Chins/pulls are way better for the lats IMO, especially since they take a fatugued lower back out of it and the chance of back injury, especially the way that most jokers do them.

[/quote]

They train the lats in a complete different way tho. They basically ignore scapular retraction. Which isn’t good if you’re trying to build a bug bench or keep good posture.

[quote]Hanley wrote:

They train the lats in a complete different way tho. They basically ignore scapular retraction. Which isn’t good if you’re trying to build a bug bench or keep good posture.[/quote]

But from personal experience, chin-ups/pull-ups have boosted my bench.

[quote]Hanley wrote:
Julius_Caesar wrote:

Chins/pulls are way better for the lats IMO, especially since they take a fatugued lower back out of it and the chance of back injury, especially the way that most jokers do them.

They train the lats in a complete different way tho. They basically ignore scapular retraction. Which isn’t good if you’re trying to build a bug bench or keep good posture.[/quote]

You should still be retracted when you do pull-ups and chins. It is easier with pull-ups, but even with chins at the end you would be retracted.

[quote]nptitim wrote:
Hanley wrote:
Julius_Caesar wrote:

Chins/pulls are way better for the lats IMO, especially since they take a fatugued lower back out of it and the chance of back injury, especially the way that most jokers do them.

They train the lats in a complete different way tho. They basically ignore scapular retraction. Which isn’t good if you’re trying to build a bug bench or keep good posture.

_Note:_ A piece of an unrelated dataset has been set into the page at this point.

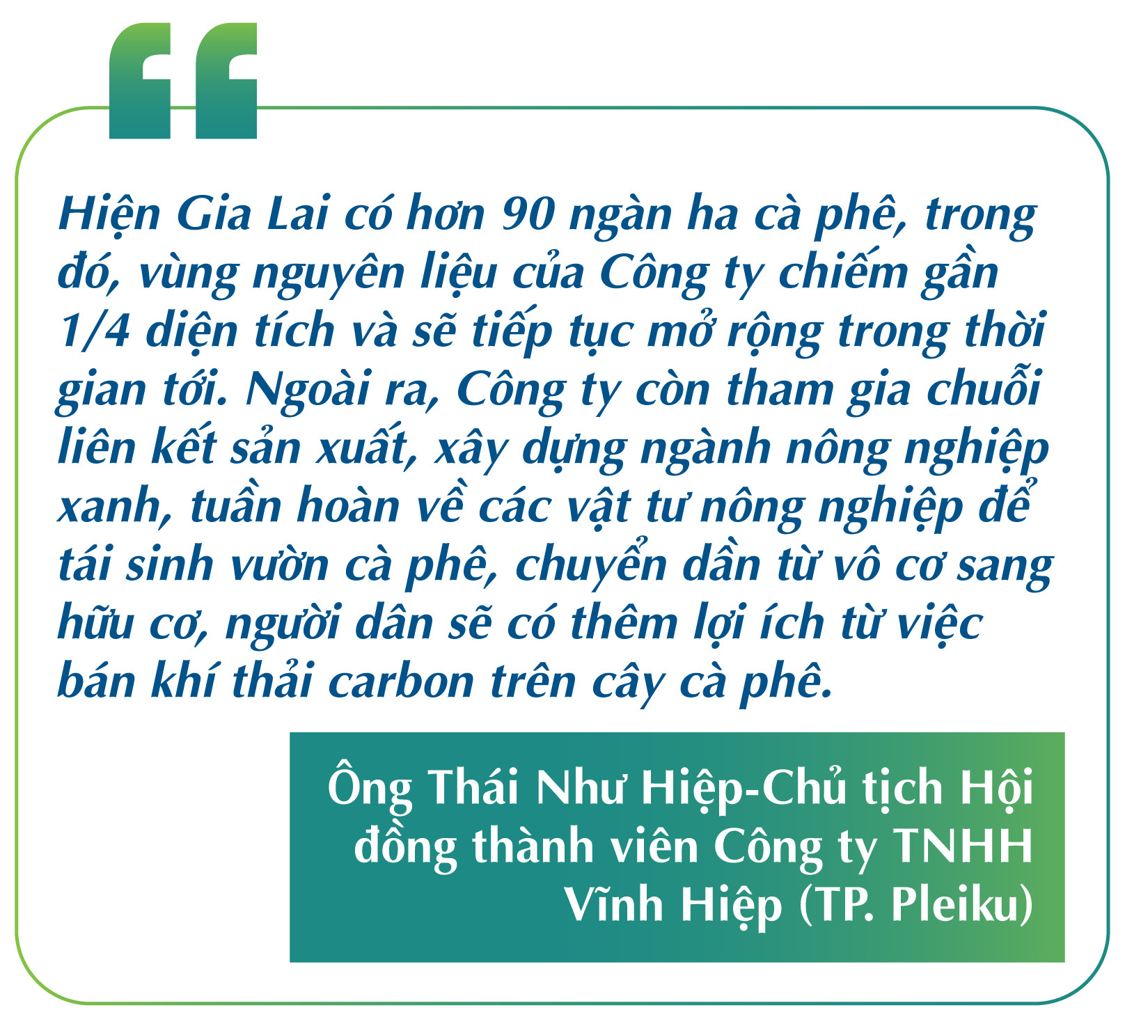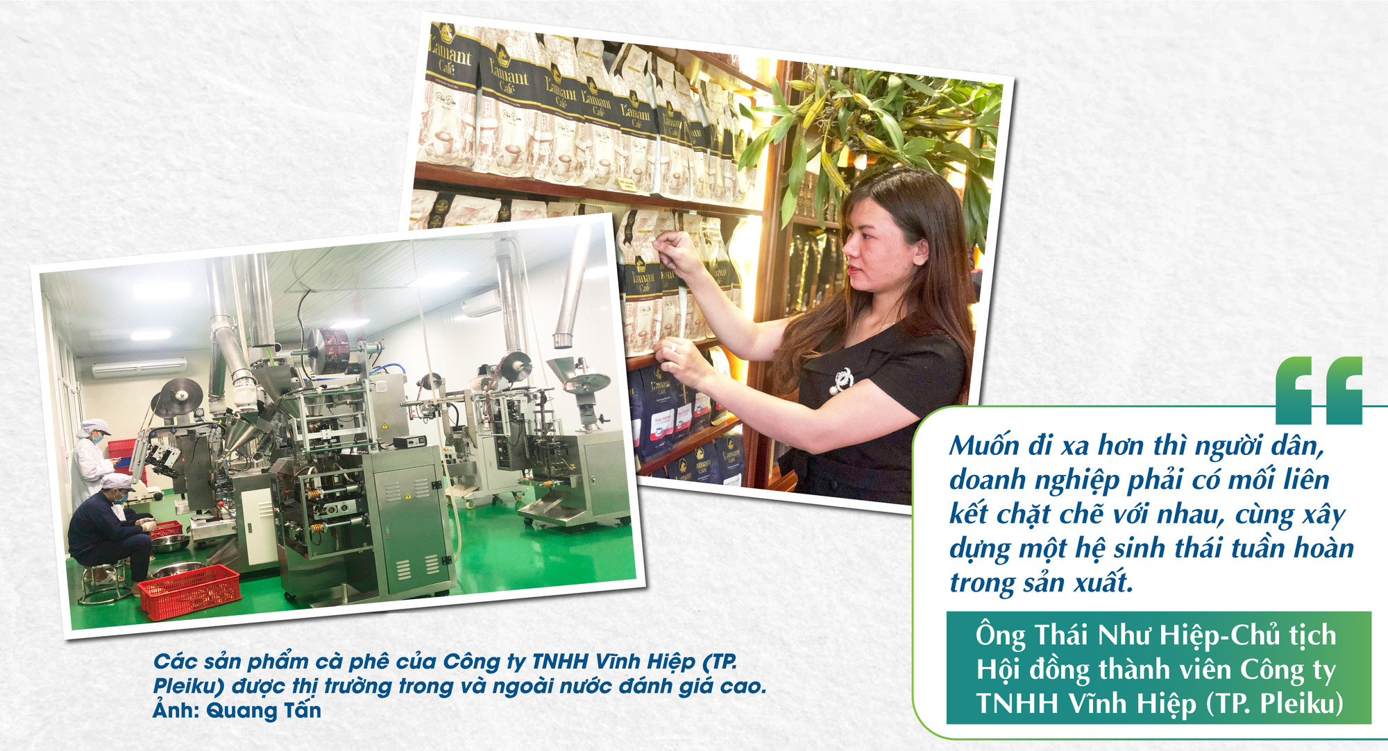 Những năm qua, Gia Lai đang từng bước định hình và xây dựng nền kinh tế theo hướng tuần hoàn, góp phần thúc đẩy tăng trưởng xanh, đảm bảo hài hòa giữa phát triển kinh tế-xã hội và bảo vệ môi trường. Công ty TNHH Vĩnh Hiệp (TP. Pleiku) là một trong những doanh nghiệp tiên phong xây dựng chuỗi liên kết sản xuất cà phê khép kín, từng bước xây dựng hệ sinh thái nông nghiệp tuần hoàn.

You should still be retracted when you do pull-ups and chins. It is easier with pull-ups, but even with chins at the end you would be retracted.[/quote]

You cannot honestly say that they’re simialr movements??

I found that I was cheating my BB rows. My solution - I set up a bench at an incline, fold up a towel and place it on the end, place my forehead on the towel, bend over and row. I am able to keep my back nearly parallel with the floor, and I know if I’ve cheated if the towel under my forehead hits the floor. Simple and has worked for me. My $0.02.

Sometimes my lower back hurts when i go heavier with these, i was thinkin about doin them with my ass to the wall, just something to kind of hold it against as im rowing, figure it wud take some pressure off and maybe also help form because it wud give feedback for keeping hips level and still throughout the movement. anyone try this?

[quote]Hanley wrote:
You should still be retracted when you do pull-ups and chins. It is easier with pull-ups, but even with chins at the end you would be retracted.

You cannot honestly say that they’re simialr movements??[/quote]

I don’t understand your question. Do you disagree that you are retracted at the end (chin above the bar) of both a pull-up (pronated) and a chin-up (supinated)?

[quote]nptitim wrote:
Hanley wrote:
You should still be retracted when you do pull-ups and chins. It is easier with pull-ups, but even with chins at the end you would be retracted.

You cannot honestly say that they’re simialr movements??

I don’t understand your question. Do you disagree that you are retracted at the end (chin above the bar) of both a pull-up (pronated) and a chin-up (supinated)?[/quote]

No no, I’m disputing the fact that someone can say a chin/pull up is similar to a bent over row.